Le professeur de pharmacologie au CHU de Bordeaux, en Gironde, Francesco Salvo, avance de son côté une autre hypothèse impliquant directement les médecins.

"Nous voudrions voir s'il y a une portion de population qui reçoit des prescriptions plus longues, ce qui pourrait faire penser à un mésusage, voire à un trouble de l'usage", indique-t-il, assurant avoir émis une demande de financements auprès de l'Agence régionale de santé (ARS) pour mieux comprendre le phénomène.

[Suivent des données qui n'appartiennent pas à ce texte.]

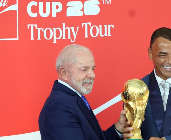 O presidente Luiz Inácio Lula participou, nesta quinta-feira (26), da cerimônia oficial Tour da Taça da Copa do Mundo da Fifa 2026, no Palácio do Planalto. Ex-jogadores de futebol, como Cafu, Jairzinho, Branco, Edmílson, Pepe e a ex-atleta Formiga, da Seleção Feminina, também estiveram presentes no evento, além de ministros e outras autoridades.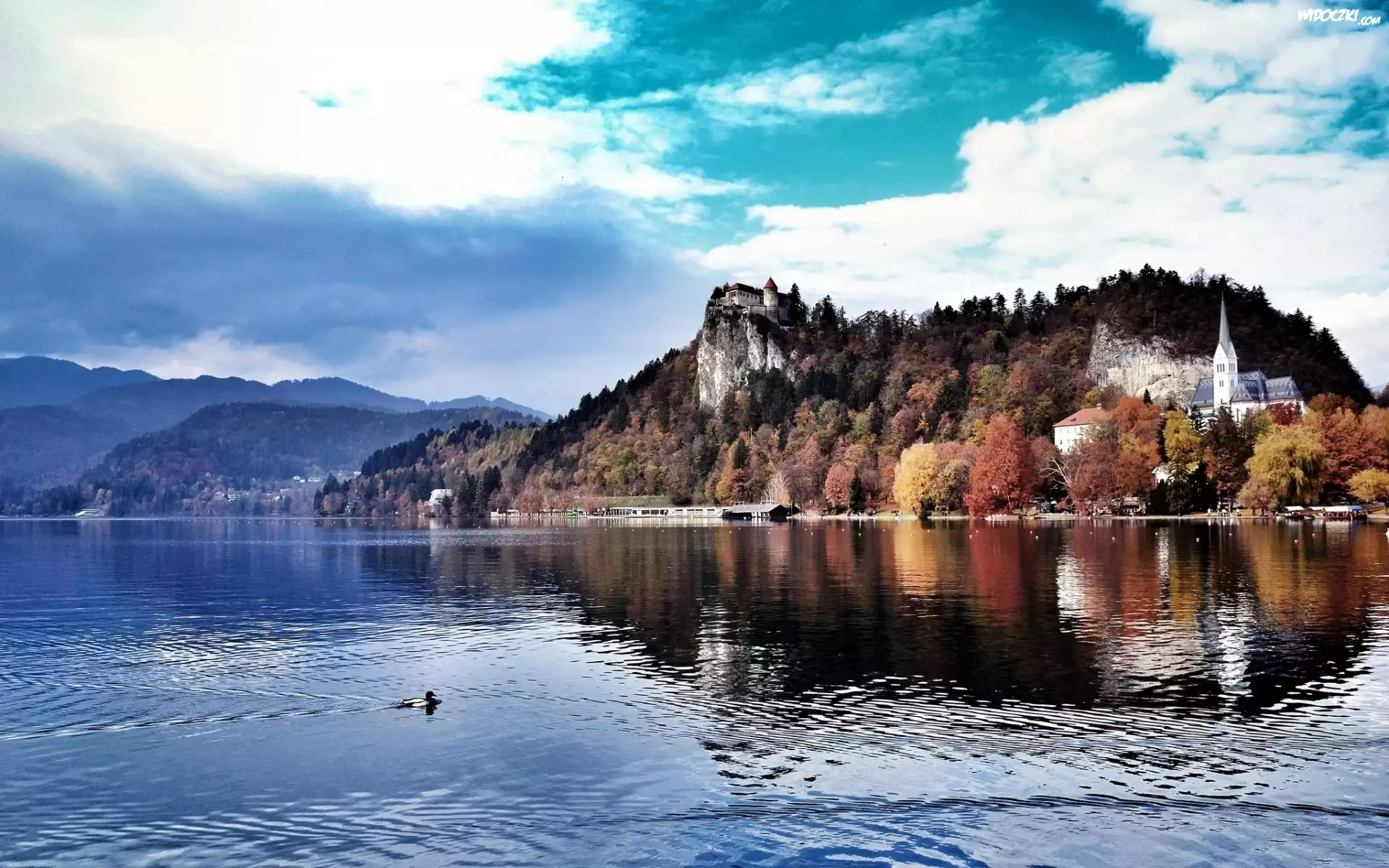 Zdjęcia, Słowenia, Bled, Jezioro Lake Bled, Kościół, Zamek Bled Castle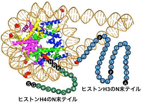 H3とH4の末端(N末テイル)構造の模式図。中核構造のらせん部位はヒストンH2Aが黄、H2Bが赤、H3が青、H4が緑で示されていて各々2個あり、その周りをDNAが巻き付いている詳細な構造が分かっていたが、紐様に伸びているヒストンH3とH4の末端(テイル)の構造は今まで全く分かっていなかった。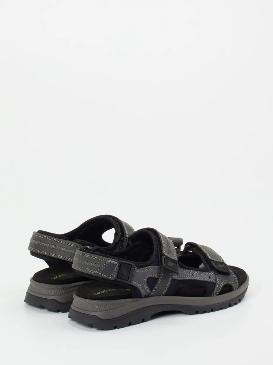 Die funktionale Herren-Sandale von Waldläufer kombiniert wetterbeständiges Fettleder mit einem ergonomischen Fußbett und griffiger Profilsohle – ideal für komfortbewusstes Outdoor-Gehen.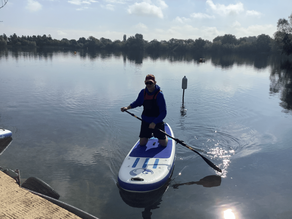I had my first attempt at paddle boarding today, Paloma got me sorted out with board and buoyancy aid, but I decided it wasn’t cold enough for a wet suit, which really needs to be wet to be effective. I soon got the hang of it; to begin with, paddling on one side seemed to be pushing me to the other side, but with some practise I was able to maintain a moderately straight course. As it was my first time I stayed on my knees for extra stability. In the distance I spotted a couple of ladies on boards and thought it might be a good idea to follow them and learn from their technique. Unfortunately, they were moving far faster than I was and I never caught up with them. Still, once I knew what I was doing it was a very relaxing experience, watching the lake bed slide past underneath, reflections of vapour trails and clouds from above. I decided not to bring my sound recorder out with me, just in case!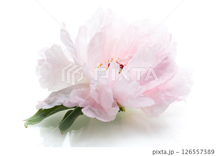 Pink peony close-up on a white background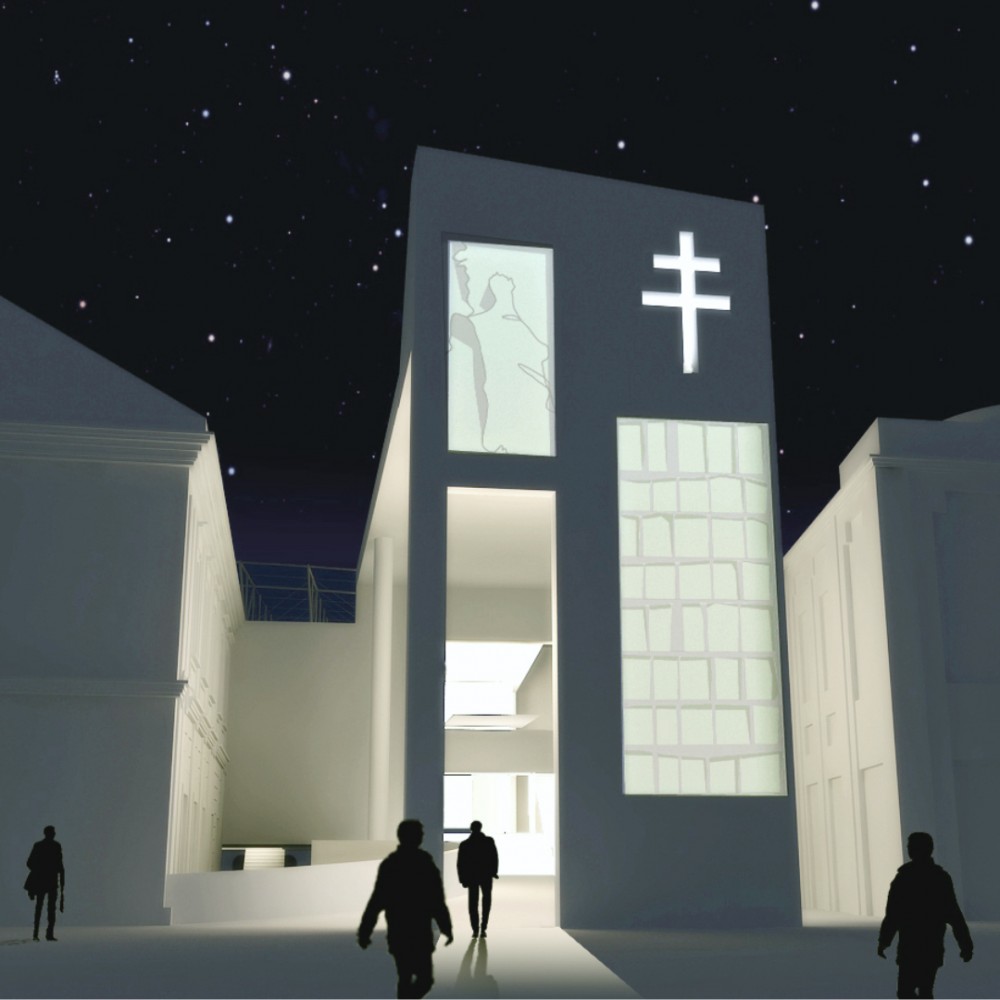 A templom megmaradt romkertjét megvédve, a temetkezési helyek visszaállításával és a koronázási szertartásokhoz tartozó oltár pótlásával terveztük meg a helyszínt.

Les laboratoires encourageraient-ils les médecins à augmenter leurs prescriptions? Le professeur dit ne pas avoir de "preuve" confirmant cette hypothèse, mais estime "ne pas l'exclure au vu de ce qui s'est passé avec les opiacés dans l'histoire de la médecine".

• À l'origine de la crise des opiacés aux États-Unis

De fait, le phénomène a bien été observé de l'autre côté de l'Atlantique. Dans son avis, la SFPT rappelle d'entrée que l'oxycodone est "le premier médicament qui a été au centre de la crise des opioïdes aux États-Unis".

Cette crise des opiacés a débuté en 1996, date à partir de laquelle différents laboratoirs et distributeurs pharmaceutiques américains sont accusés d'avoir fait la promotion agressive de différents antidouleurs faits à partir d'opiacés, entraînant une surprescription de la part des médecins.

L'usage du médicament est également détourné. Selon un rapport confidentiel du ministère de la Justice cité par le New York Times en 2018, des pilules sont volées en pharmacie et certains médecins vendent des ordonnances de ce médicament. Les consommateurs les réduisent en poudre, ensuite inhalée pour un effet démultiplié.

L'Oxycontin, produit par le laboratoire Purdue Pharma possédé par la famille Sackler, a ainsi été consommé par des millions d'Américains entre 1995 et 2010. Environ 600.000 personnes en sont mortes en 20 ans. L'entreprise s'est étendue à l'international sous le nom de Mundipharma et reprend certaines méthodes marketing controversées employées pour vendre des antalgiques.

Face aux critiques, les prescriptions d'Oxycontin ont cependant baissé de 40% depuis 2010 aux États-Unis. Visée par plus de 2000 plaintes, l'entreprise doit désormais verser plus de 6 milliards de dollars de dédommagements aux familles des victimes d'overdose.